Monique Wadsted is a Swedish lawyer. She is a partner at Bird & Bird in Stockholm.

==Career==
Wadsted received an LLM from Stockholm University in 1988 and clerked for the Stockholm District Court in 1989–90. Before moving to Bird & Bird, she was a partner at Magnusson Wahlin Qvist Stanbrook (MAQS) Advokatbyrå. In 2017, she was named one of the top 250 women in intellectual property law by Managing Intellectual Property.

Monique Wadsted is since 2017 included in the Hall of Fame of The Legal 500 for her work in intellectual property law and media law.

==Cases==
She represented Swedish Match in a case regarding the borders between freedom of speech and advertising. She has also represented Duracell against Philips, KF against Gillette, Canal+ against TV1000, and Duka against Bodum.
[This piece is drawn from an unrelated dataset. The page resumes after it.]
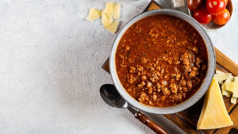 If you frequent Italian restaurants, you've likely tried ragù alla Bolognese. The tomato-based pasta is beloved in both Italian and Italian-American cuisine. It's a palatable and versatile dish, typically featuring pappardelle or tagliatelle. Because many Bolognese recipes also call for the use of milk, the sauce achieves a creamy consistency that perfectly balances with the texture of chopped meat.

Later she represented firms including Warner Bros., Metro-Goldwyn-Mayer, Columbia Pictures, 20th Century Fox in The Pirate Bay trial. At the trial, she argued that The Pirate Bay was not "passive" in its distribution of content. She was doxxed while the trial proceeded.

In 2014 she represented the journalist Pia Gadd in Svensson v Retriever Sverige AB, a case before the Court of Justice of the European Union regarding linking and copyright. The law in Svensson was later developed in cases such as GS Media v Sanoma.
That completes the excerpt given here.